A housing benefit fiddler has been ordered to repay £33,000 to Teignbridge Council or go to jail.
Engineer Christopher Harris lied about owning a £125,000 home in Spain when he claimed housing and council tax benefits after returning to live in Britain and having no money to live on.
He has now been ordered to repay not only the £26,303 which he was overpaid, but almost £7,000 to cover inflation and interest since he committed the fiddle six years ago.
He made the false claims after he came back to Britain from Spain in 2009 after an attempt to start a new life there failed.
At the time the housing slump in Spain made his home there unsaleable and effectively worthless but when he finally sold it for £125,000 in 2011, he failed to declare the windfall.
The extra capital meant he was not eligible for the housing benefit any more and he fiddled £26,303 before he was caught in 2014, Exeter Crown Court was told.
He is now working as an engineer and his wife is helping to run a cafe and had already started making repayments before he was bought back to court under the Proceeds of Crime Act.
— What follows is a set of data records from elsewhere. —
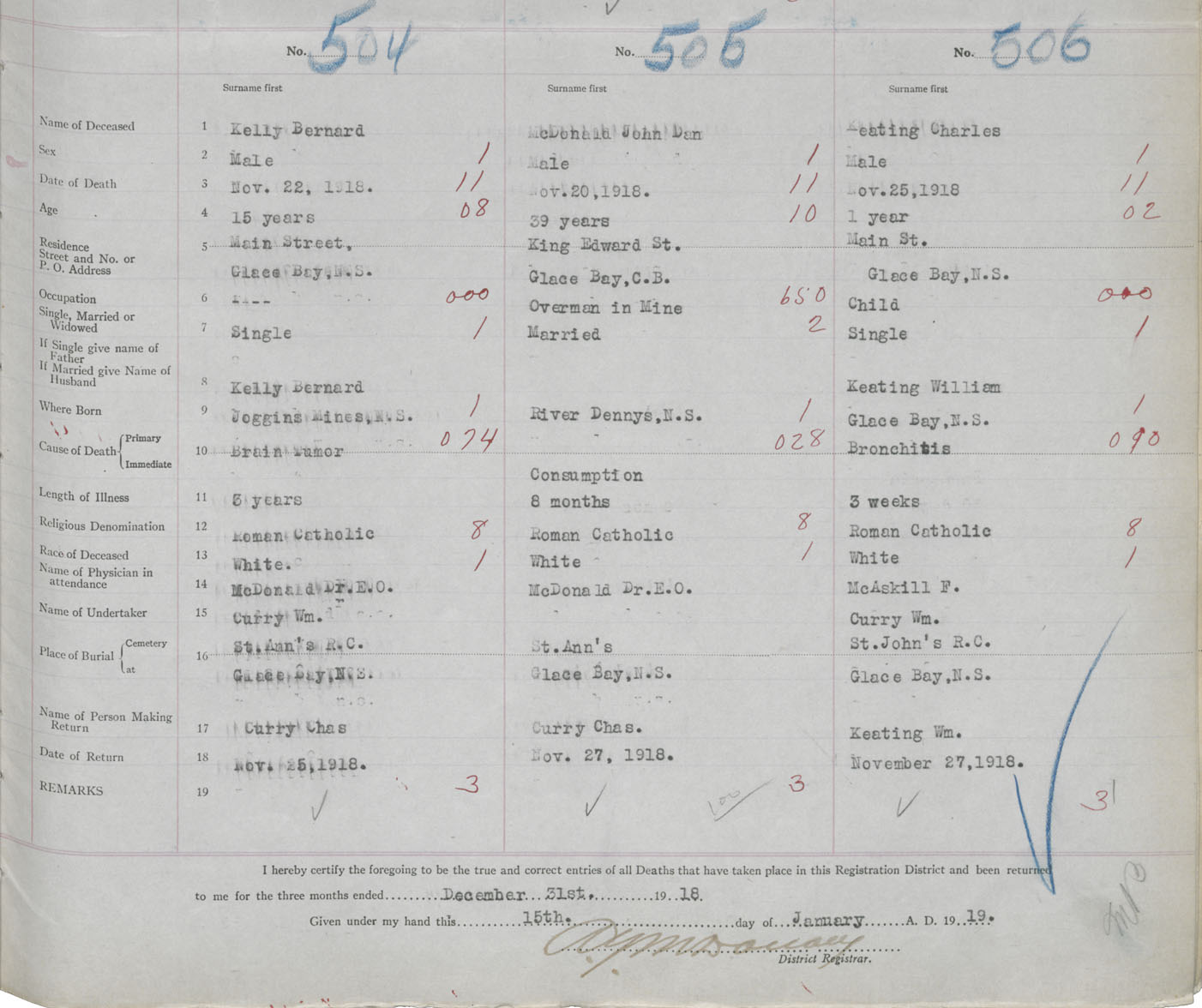 Death Registration: Year: 1918 book: 30 page: 87 number: 506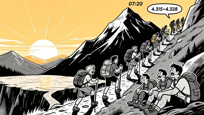 • Price tested support near 4.306 before rebounding and consolidating in a 4.315–4.328 range late in the session.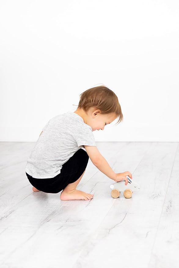 - Your little baby girl or baby boy will love playing, racing and hoping with this adorable wooden bunny push toy by Pearhead!

Recorder Mr Llewellyn Sellick approved an agreed settlement in which the amount he benefited was set at £33,068 and his available assets were calculated as £44,918.41.
He set a term of a year’s custody if the money is not paid but Mr Martin Salloway, defending, said the amount will be paid within the three-month deadline.
In the original case Harris, aged 56, of Days-Pottle Lane, Exminster, admitted two offences of dishonestly failing to notify a change in circumstances and was jailed for 20 weeks.